Since the number of possible different string
values (the different script names) is small (137), we may opt to use a value type byte
, which will just be an index in a slice storing the real script names.
This is how it could look like:
var runeScript map[rune]byte
var names = []string{""}
func init() {
const nChar = 128172 // Version 9.0.0
runeScript = make(map[rune]byte, nChar*125/100)
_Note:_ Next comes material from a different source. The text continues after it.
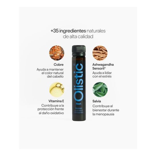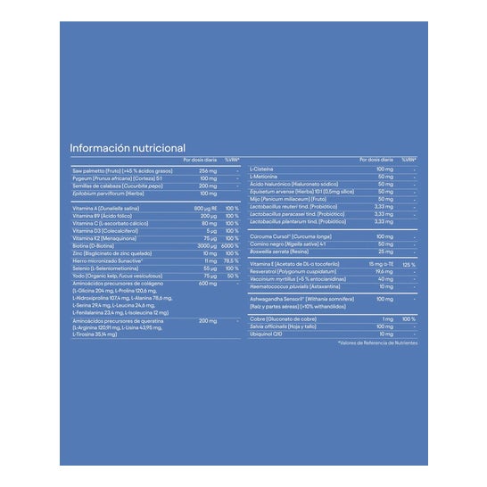 AGUA, HUMECTANTE (GLICERINA), FRUCTOSA DE UVA, AMINOÁCIDOS PRECURSORES DE COLÁGENO (L-GLICINA, L-PROLINA, L-HIDROXIPROLINA, L-ALANINA, L-SERINA, L-LEUCINA, L-FENILALANINA, L-ISOLEUCINA), EXTRACTO DE SAW PALMETTO (SERENOA REPENS, FRUTO), AMINOÁCIDOS PRECURSORES DE QUERATINA (L-ARGININA, L-LISINA Y L-TIROSINA), EXTRACTO DE SEMILLAS DE CALABAZA (CUCURBITA PEPO, SEMILLAS), SUNACTIVE® HIERRO MICRONIZADO (PIROFOSFATO FÉRRICO), AROMAS, CURSOL® EXTRACTO DE CÚRCUMA (CURCUMA LONGA, RIZOMA), SENSORIL® EXTRACTO DE ASHWAGANDHA (WITHANIA SOMNIFERA, RAÍZ), EXTRACTO DE PYGEUM (PRUNUS AFRICANA, CORTEZA), EXTRACTO DE EPILOBIUM (EPILOBIUM PARVIFLORUM, HIERBA), L-CISTEÍNA, EXTRACTO DE SALVIA (SALVIA OFFICINALIS, HOJA Y TALLO), ÁCIDO L-ASCÓRBICO (VITAMINA C), EXTRACTO DE FUCUS VESICULOSUS (0,1 % IODO), ALGA, ESTABILIZANTES (CELULOSA MICROCRISTALINA, SODIO CARBOXIMETILCELULOSA), EXTRACTO DE DUNALIELLA SALINA, ALGA (7,5 % B-CAROTENO), ÁCIDO HIALURÓNICO (HIALURONATO DE SODIO), EXTRACTO DE COLA DE CABALLO (EQUISETUM ARVENSE, HIERBA), EXTRACTO DE COMINO NEGRO (NIGELLA SATIVA, SEMILLAS), EXTRACTO DE MIJO (PANICUM MILIACEUM, SEMILLA), L-METIONINA, ESTABILIZANTE (SUCROÉSTERES DE ÁCIDOS GRASOS), ACIDULANTE (ÁCIDO CÍTRICO), EXTRACTO DE ARÁNDANO AZUL, >5 % ANTOCIANIDINAS (VACCINIUM MYRTILLUS, FRUTO), MENAQUINONA (VITAMINA K2), BISGLICINATO DE ZINC, ACETATO DE DL-ALFA TOCOFERILO (VITAMINA E), EXTRACTO DE BOSWELLIA (BOSWELLIA SERRATA, RESINA), CONSERVADORES (SORBATO DE POTASIO, SODIO BENZOATO), ESPESANTE (GOMA XANTANA), EXTRACTO DE POLYGONUM CUSPIDATUM (98 % RESVERTAROL), L-SELENIOMETIONINA, UBIQUINOL Q10, EXTRACTO DE HAEMATOCOCCUS PLUVIALIS (ASTAXANTINA), GLUCONATO DE COBRE, LACTOBACILLUS PLANTARUM TINDALIZADO, LACTOBACILLUS PARACASEI TINDALIZADO, LACTOBACILLUS REUTERI TINDALIZADO, BIOTINA (D-BIOTINA), EXTRACTO DE CLADONIA RANGIFERINA (COLECALCIFEROL), ÁCIDO FÓLICO (ÁCIDO PTEROILMONOGLUTÁMICO).

for s, rt := range unicode.Scripts {
idx := byte(len(names))
names = append(names, s)
for _, r := range rt.R16 {
for i := r.Lo; i <= r.Hi; i += r.Stride {
runeScript[rune(i)] = idx
}
}
for _, r := range rt.R32 {
for i := r.Lo; i <= r.Hi; i += r.Stride {
runeScript[rune(i)] = idx
}
}
}
}
func script(r rune) string {
return names[runeScript[r]]
}
func main() {
chars := []rune{' ', '0', 'a', 'α', 'А', 'ㄱ'}
for _, c := range chars {
s := script(c)
fmt.Printf("%q %s\n", c, s)
}
}
This simple improvement requires only one third of the memory compared to using map[rune]string
. Output is the same (try it on the Go Playground):
' ' Common
'0' Common
'a' Latin
'α' Greek
'А' Cyrillic
'ㄱ' Hangul
Using map[rune]byte
will result in like 2 MB of RAM usage, and it takes "some" time to build this map, which may or may not be acceptable.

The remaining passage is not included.